Publications

To what extent have immigrants contributed to the growth of the United States arts sector? In this paper, we explore the impact of immigration during the Age of Mass Migration on the development of the arts in the U.S. over the past century. In the short run, our results suggest that immigration helped produce greater numbers of native artists. Over a century later, the benefits to the arts persist. Counties with greater historical immigration house more arts businesses and nonprofit organizations that generate more revenue, employ a larger proportion of the community, and earn more federal arts grants. When considering potential mechanisms, our analysis suggests that greater interaction between the aggregate immigrant population and natives led to increased exposure to new arts experiences and ideas, creating arts markets that persisted in the long run. This channel is further supported by positive links between the presence of immigrants from certain countries of origin and the growth of art forms popular in those countries, and evidence of long-run benefits to the arts that cannot be attributed to higher income in a causal mediation analysis. Altogether, our results highlight the important role that immigrants played in the development of the arts in America.

Working paper

How does pay-for-performance (P4P) impact productivity and the composition of workers in mission-oriented jobs when output has multiple dimensions? This is a central issue in the public sector, particularly in areas such as education and healthcare. We conduct an experiment, manipulating compensation and mission, to answer these questions. We find that P4P has significantly smaller positive effects on productivity on the incentivized (quantity) dimension in the mission-oriented setting relative to the non-mission-oriented setting. On the other hand, P4P generates no loss in performance on the non-incentivized (quality) dimension of effort in the mission-oriented setting, whereas it does so in the non-mission-oriented setting. In both mission and non-mission settings, P4P attracts higher ability workers, but it does so at the expense of attracting more motivated workers in the mission setting.

Working paper

Working Papers

Publicly announcing how much individuals donate on behalf of themselves is a common fundraising strategy. For tribute gifts made on behalf of others, however, many charities only reveal donor identities to the honoree with few revealing the size of their contributions. This paper examines the fundraising consequences of recognizing donors with and without information about donation amounts when notifying honorees of gifts made on their behalf. I find that revealing contribution amounts in addition to recognizing donors benefits fundraisers. I find that both the likelihood of giving and size of contributions made on behalf of others increase when honorees learn how much donors give. Results from a survey with fundraising professionals show that practitioners believe revealing the size of these gifts may be repugnant, and overestimate the share of donors who prefer to keep gift amounts private. Holding these inaccurate beliefs may lead fundraisers to leave tribute donations on the table.

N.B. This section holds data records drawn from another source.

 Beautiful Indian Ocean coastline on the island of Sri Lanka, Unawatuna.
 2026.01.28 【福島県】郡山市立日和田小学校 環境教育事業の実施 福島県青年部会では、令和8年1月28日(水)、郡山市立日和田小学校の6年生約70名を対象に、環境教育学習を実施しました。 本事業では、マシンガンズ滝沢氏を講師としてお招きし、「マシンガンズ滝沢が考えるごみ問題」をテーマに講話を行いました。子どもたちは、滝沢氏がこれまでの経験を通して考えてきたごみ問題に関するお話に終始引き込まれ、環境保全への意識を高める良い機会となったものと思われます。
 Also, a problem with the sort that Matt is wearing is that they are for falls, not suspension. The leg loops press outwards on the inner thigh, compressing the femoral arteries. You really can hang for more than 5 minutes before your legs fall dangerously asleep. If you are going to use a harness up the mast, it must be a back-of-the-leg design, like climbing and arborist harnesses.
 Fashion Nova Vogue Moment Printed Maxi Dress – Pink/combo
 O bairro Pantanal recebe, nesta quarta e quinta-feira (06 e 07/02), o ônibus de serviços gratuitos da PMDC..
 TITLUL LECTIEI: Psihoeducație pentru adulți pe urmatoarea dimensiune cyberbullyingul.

To assess the threat of experimenter demand, we ask whether a hypothetical 'ill-intentioned' researcher can manipulate inference. Four classic behavioral comparative statics are evaluated, and the potential for false inference is gauged by differentially applying strong positive and negative experimenter demand across the relevant decision pair. Evaluating three different subject pools (laboratory, Prolific, and MTurk) we find no evidence of experimenter demand eliminating or reversing directional effects. The response to experimenter demand is very limited for all three subject pools and is not large enough to generate false negatives, though we do find evidence of false positives when testing precise nulls  in larger online-subject pools.

Online Appendix

Formerly circulated as, "Simon Doesn't Say: Minimal Qualitative Distortions from Experimenter Demand"

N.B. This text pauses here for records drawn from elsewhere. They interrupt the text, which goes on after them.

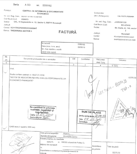 Falsificarea prețului contractului în raport cu oferta (parte a contractului) și cu statutul de neplătitor de TVA al Centrului de Informare și Documentare Economică – INCE din Academia Română, este evidentă și în raport de factura emisă de Centru și achitată fără obiecții de către Bohâlțeanu, certificată pentru ,,legalitate” de Bogdan Sticlosu.
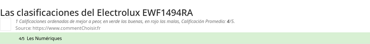 Entre estas pruebas de sitios de Internet y revistas especializadas en Lavadora, 1 dieron una calificación y obtenemos una calificación promedio de 4/5 para este producto Electrolux.
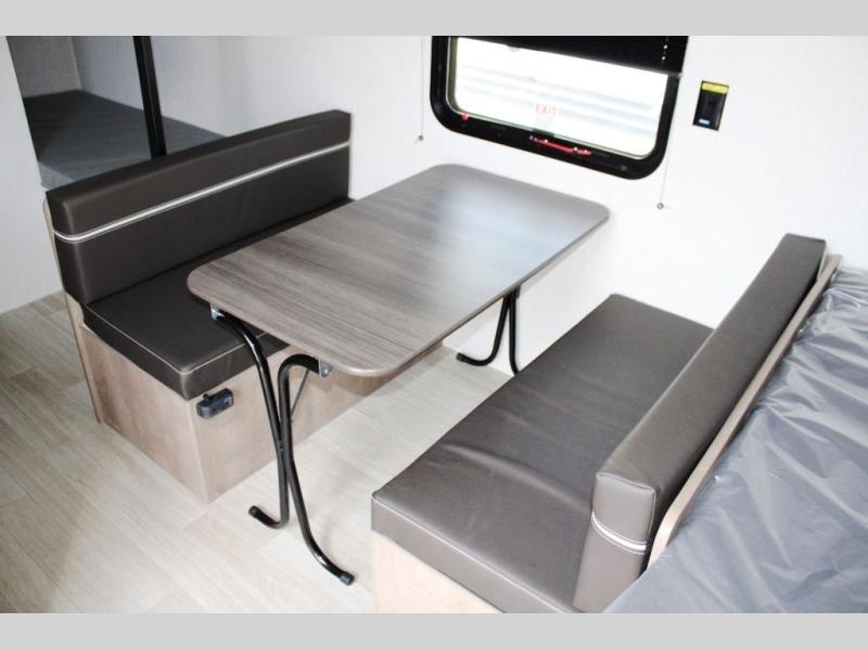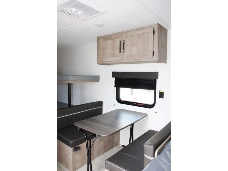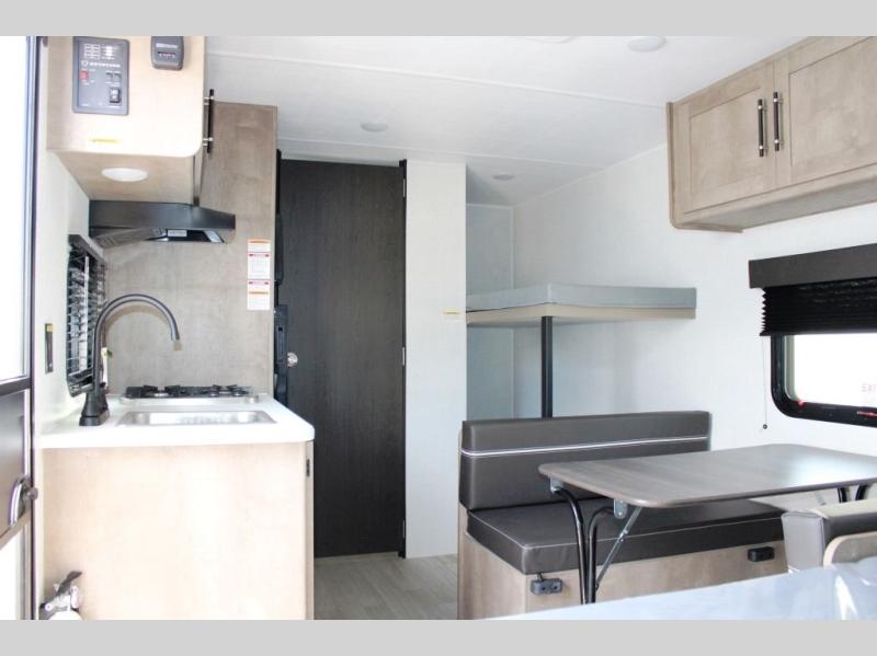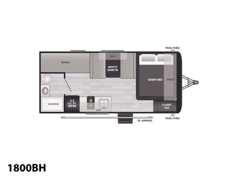 Get ready for outdoor fun with your favorite people when you have this trailer in tow! Once at your campsite, you can easily setup the 10' power awning, grab your camping chairs from the pass-thru storage, and relax or start playing. The cook will love the galley kitchen with the two burner cooktop, plus a refrigerator for cold items. If you like, you can eat inside at the booth dinette which doubles as sleeping space, and of course the kids will love the bunk beds next to the full bathroom. And you will sleep soundly on the front queen bed.
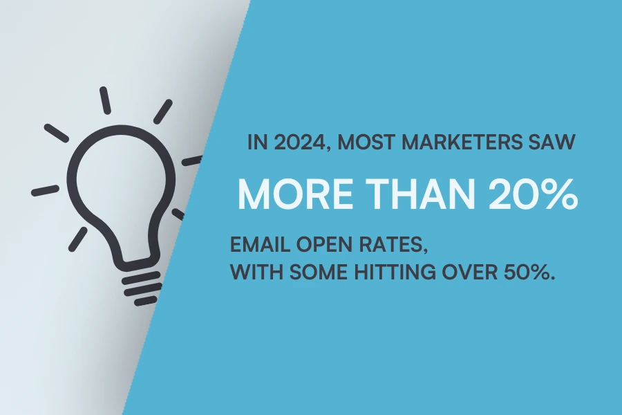 According to a Mailmodo survey, most marketers in 2024 had email open rates of more than 20%, with some hitting over 50%.

Excuse-seeking behavior that facilitates replacing altruistic choices with self- interested ones has been documented in several domains. In a laboratory study, we replicate three leading papers on this topic: Dana et al. (2007), and the use of information avoidance; Exley (2015), and the use of differential risk preferences; and Di Tella et al. (2015), and the use of motivated beliefs. The replications were conducted as part of a graduate course, attempting to embed one answer to the growing call for experimental replications within the pedagogic process. We fully replicate the simpler Dana et al. paper, and broadly replicate the core findings for the other two projects, though with reduced effect sizes and a failure to replicate on some secondary measures. Finally, we attempt to connect behaviors to facilitate the understanding of how each fit within the broader literature. However, we find no connections across domains.

Charitable giving can boost an individual’s image, and organizations can capitalize on this by engaging in "image-fundraising." Public announcements of donations give individuals the opportunity to demonstrate their generosity and are found to increase giving. This paper evaluates whether generosity inferred from charitable giving is discounted when donations are made in response to image-fundraising. I show in an experimental study that others reward larger donations, and that image-fundraising increases giving. However, others account for the conditions under which donations are made and reduce rewards for giving in an image-fundraising environment. While image-fundraising benefits charitable organizations, individuals are not recompensed for donating more in this setting.